In the beginning, torture was used for extracting information,
but in time, what was aimed at was intimidating the population and terrorising the
student movements.


The author is describing Greece under the late sixties early seventies U.S. supported dictatorship. However, this is an accurate assessment of the purpose of torture in any one of a number of totalitarian countries. Even so called democracies have used it----generally against people who object to their colonial activities. France in Algeria, the British in Northern Ireland and the U.S. around the globe, most recently in Iraq have all treated their vassals in a way that they would never tolerate back home.

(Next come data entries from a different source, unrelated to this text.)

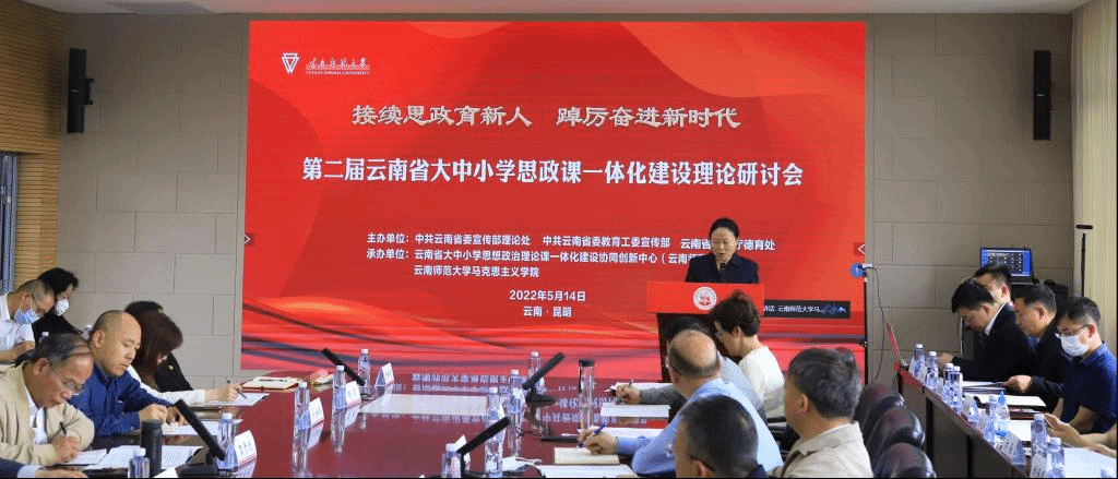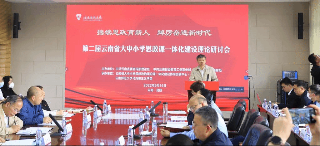 5月14日,由中共云南省委宣传部理论处、中共云南省委教育工委宣传部、云南省教育厅德育处主办,云南省大中小学思想政治理论课一体化建设协同中心(云南师范大学)、云南师范大学承办的第二届云南省大中小学思想政治理论课一体化建设理论研讨会在我校呈贡主校区举行。本次研讨会以“接续思政育新人 踔厉奋进新时代”为主题,旨在深入贯彻落实习近平总书记关于学校思政课建设重要讲话精神和考察调研中国人民大学重要讲话精神,接续推进思政课建设,落实立德树人根本任务、培养时代新人,推动大中小学思政课一体化建设内涵式发展。
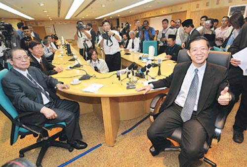 林冠英是在州元首和州元首夫人面前宣誓就任,他是和所領導的民主行動黨陣容,在第十二屆全國大選中一舉囊括所有競選的7國19州后,與人民公正黨在檳州組成新政府。人民公正黨一共贏得4國9州席位。
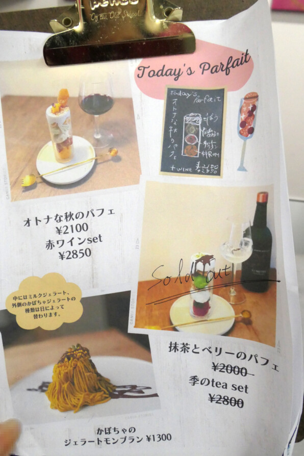 ●秋のパフェ(ジェラート4種類入り、赤ワイン付きもあり)やかぼちゃのジェラートモンブランなど、お店でいただく他のメニューもおいしそうで、また伺わねばなりません(^o^)/
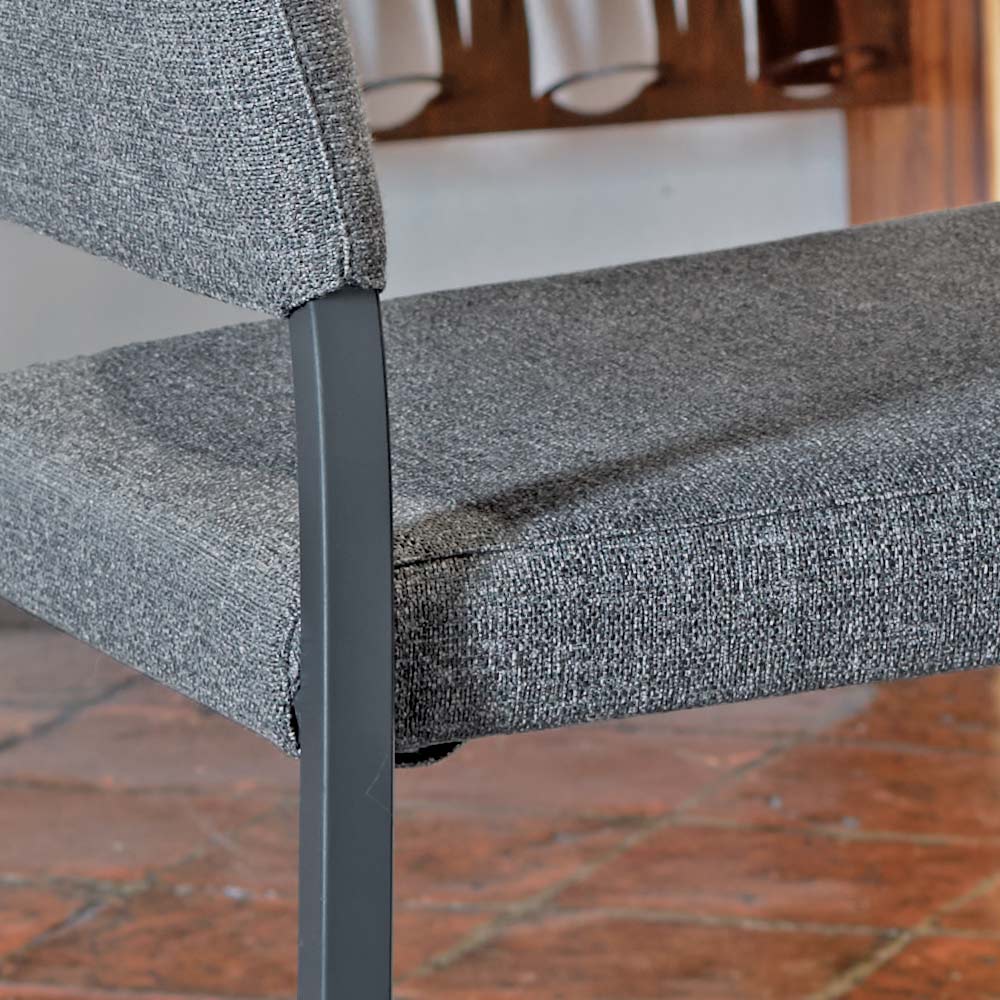 Silla de comedor fabricada íntegramente en Italia , con estructura lacada antracita mate , con pata cuadrada de 20x20 mm, asiento y respaldo revestidos en tejido hidrófugo antibacteriano gris . Apilable y extraíble de serie, también disponible con respaldo bajo (H 85 cm) Silla de diseño moderno, con acabados sencillos y lineales, pero a la vez capaz de amueblar tus salones, comedores y cocinas con gusto y estilo sin renunciar a la funcionalidad y el confort.
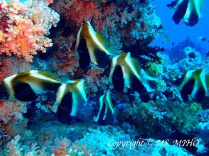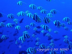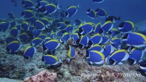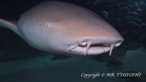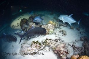 Day 4, the 1st dive of the day was at Seventh Heaven in the South Ari atoll. This point has beautiful soft and hard corals. Literally it was heaven with a big school of Neon Fusiliers attacked by Dogtooth Tunas, four Napoleon fish swimming together and the endemic Indian Bannerfish. The 2nd dive was at Dhidhdhoo Out. The endemic species of Imposter Blennies and Evansi Anthias were introduced. And a specialty of Maldives, Powderblue Surgeonfish were seen at the top of the reef while our safety stop. The 3rd dive was at Alimathaa Jetty in the Vaavu atoll as a night shark. Right after the entry, all stars here, such as Tawney Nurse Sharks, Giant Trevallies, Bluefin Trevallies and Pinkwhip rays assembled! After a while, there was the river of Tawney Nurse Sharks made out of dozens of them streaming as I looked up! It was amazing! The air temperature was 26-31 deg.C. The water temperature was 28-29 deg.C. The 3mm or 5 mm wetsuit was recommended. The visibility was 10-40m. To be continued…
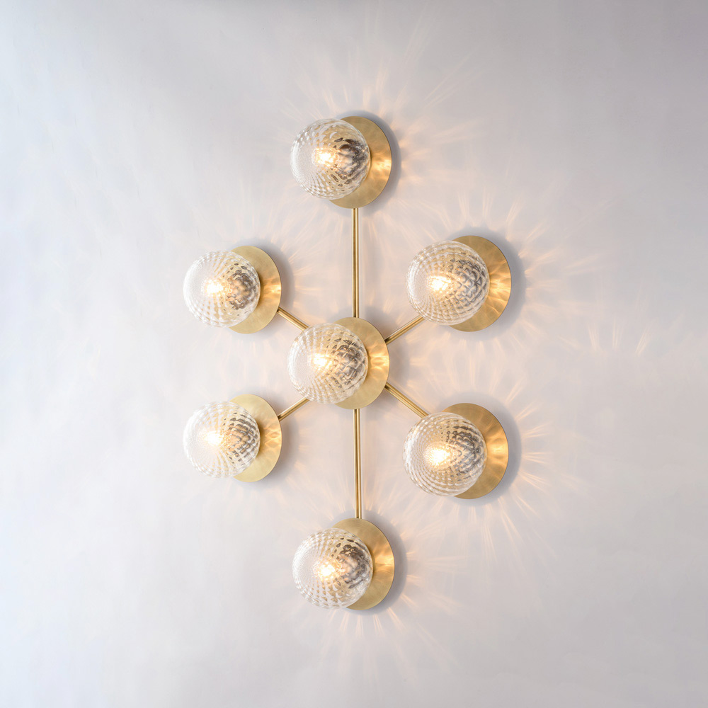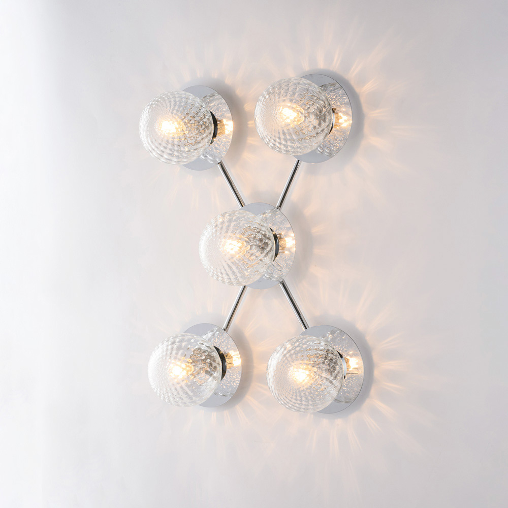 Dramatic and contemporary, this handcrafted iron ceiling light stands out for its dynamic and modern composition. The branched structure houses spherical glass diffusers, arranged in a balanced pattern, creating a suggestive play of light and reflections that enhances the ceiling and uniformly illuminates the room.
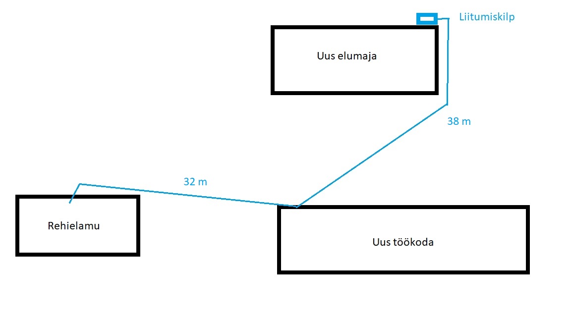 Aitäh vastajatele! Siin ka joonis ligikaudsete kaablipikkustega hoonete vahel. Kusjuures uue elumaja ja töökoja vahele on aastate eest veetud üks neljasooneline kaabel, mille parameetreid ma kahjuks ei tea. Seda pole seni kasutusele võetud.Cass kirjutas: 29 Juun 2020, 00:30 Täienda joonist ka vahemaadega ning mis seadmed (ja nende võimsused) mõlemas hoones olema hakkavad.

In order to have the intended effect of terrorizing people into docility, such officially sanctioned acts of barbarism can not be kept secret. Every potential “enemy of the state” must know that he or she can be attacked at any moment.

That is why Bush-Cheney needed Jose Padilla.

. III. When Jose Padilla Was Tortured, We All Were Tortured

The federal government arrested Padilla and stripped him of his rights, in order to terrorize the American people. If the feds could incarcerate a U.S. citizen as an enemy combatant, depriving him of his right to trial and other Constitutional protections, then no one in the United States was safe. His case was meant to serve as a legal precedent, but just as importantly, Padilla was an object lesson.

Our government has engaged in domestic torture before. Rebecca Lemov, writing for Slate described the CIA’s experiments in mind control.

One of the most extreme 1950s experiments that the CIA sponsored was conducted at a McGill University hospital, where the world-renowned psychiatrist Dr. Ewen Cameron had been pioneering a technique he called "psychic driving." Dr. Cameron was widely considered the most able psychiatrist in Canada—his honors included the presidency of the World Psychiatric Association—and his patients were referred to him from all over.
snip
Cameron's goal was to wipe out the stable "self," eliminating deep-seated psychological problems in order to rebuild it. He grandiosely hoped to transform human existence by opening a new gateway to the understanding of consciousness. The CIA wanted to know what his experiments suggested about interrogating people with the help of sensory deprivation, environmental manipulation, and psychic disorientation.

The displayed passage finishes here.